Con lágrimas en los ojos, producidas por nuestra incontrolable risa, llegamos a nuestro destino.
―Si me llegan a decir que haríamos esto, te juro que no me lo habría creído―dije aparcando la bici de nuevo y asegurándola.
―Ni yo…
No era nada del otro mundo, y de hecho, era algo que cada día se practicaba más, pero teniendo en cuenta que Joana había vivido demasiado tiempo bajo la dictadura de un amor malsano y yo estaba llena de indecisiones y vergüenzas, decidir pasar el día en una playa nudista para nosotras era toda una experiencia que sin duda nos ayudaría a vaciar todavía más nuestras mochilas que ya empezaban a parecer meros globos desinflados.

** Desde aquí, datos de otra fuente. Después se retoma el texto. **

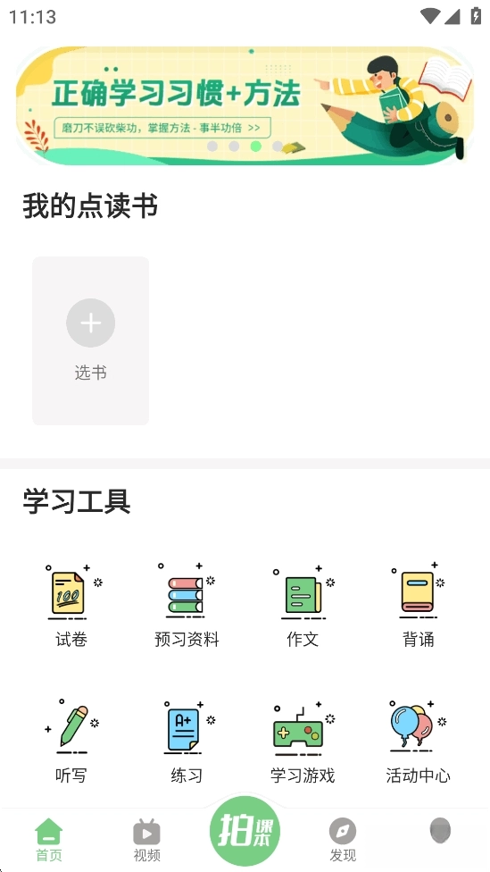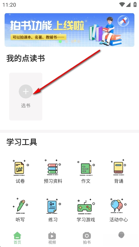 要是没找到你需要的课本,就点击【拍书】按钮拍摄课本并导入,之后就能进行点读啦
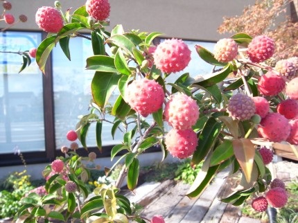 常緑ヤマボウシは秋になると赤い実をつけます。

Llegamos casi a la parte mojada de la arena, donde las olas rompen con su relajante sonido, y nos quitamos toda la ropa.
―Menos mal que estamos depiladitas, nena―dijo Joana muy seria.
―En todo caso eso debería preocuparme a mí. Tú estarías depilada fijo, con todo ese ajetreo que llevas estos días ahí abajo. Parece algo irritado―le dije señalando sus partes íntimas con la mirada.
―No seas guarra, Derah.
La sensación de sentir el agua en todo el cuerpo fue diferente. Supongo que el hecho de ser algo nuevo para nosotras, hacía que la experiencia se convirtiera en algo parecido a la libertad más absoluta. Nadamos, descansamos boca arriba cogidas de la mano, buceamos hasta quemarnos los ojos con la sal del agua y finalmente salimos para tumbarnos, sin toallas, sobre la arena ardiente y fina.
―¡Joder! ¡Me he quemado el culo!
―Derah, como no te calles te juro que me voy a medio quilómetro de tu lado.
Una vez nuestra piel se hubo acostumbrado a ese calor, con los ojos cerrados y la música del mar de fondo, empezamos a hablar.
―Creo, no, estoy segura de que hasta ahora no había sentido en mi cuerpo la delicadeza de un sexo bien hecho y bien acabado.
―Ya te he dicho que se ve algo irritado.
―¿Quieres dejar de decir burradas?―me dijo tirándome un puñado de arena sobre mi parte íntima.
―En serio, Joana, te veo muy feliz.
―Es que me siento feliz. Y no sólo por eso. Me siento respetada, deseada, escuchada… Me siento otra vez yo. Con Daniel…
―¡Oh mierda! No estropees el momento con palabras malsonantes.
Ambas nos reímos.
―Quiero agradecerte el que seas mi amiga―me dijo de repente.
―Ahora la que dice chorradas eres tú. 
―Es imposible hablar en serio contigo cuando te pones así.
―¿Quieres hablar en serio?
―¡Joder! Ahora me das miedo…
―Quiero intentarlo con tu hermano, Joana. Quiero intentarlo de verdad.
Joana se incorporó de golpe y se sentó con las piernas cruzadas y mirándome fijamente.
―¿Lo dices en serio?
―Sí.
―Creo que voy a llorar de alegría.
―No exageres…
―¡No te imaginas lo feliz que me haces!
―¿Puedo pedirte un favor?―le pregunté a mi amiga arrugando la nariz.
―Claro. Pídeme lo que quieras.
―Cierra las piernas.
Las dos soltamos una carcajada que superó el ruido de las olas del mar y así, libres, felices y desnudas, pasamos un día inolvidable.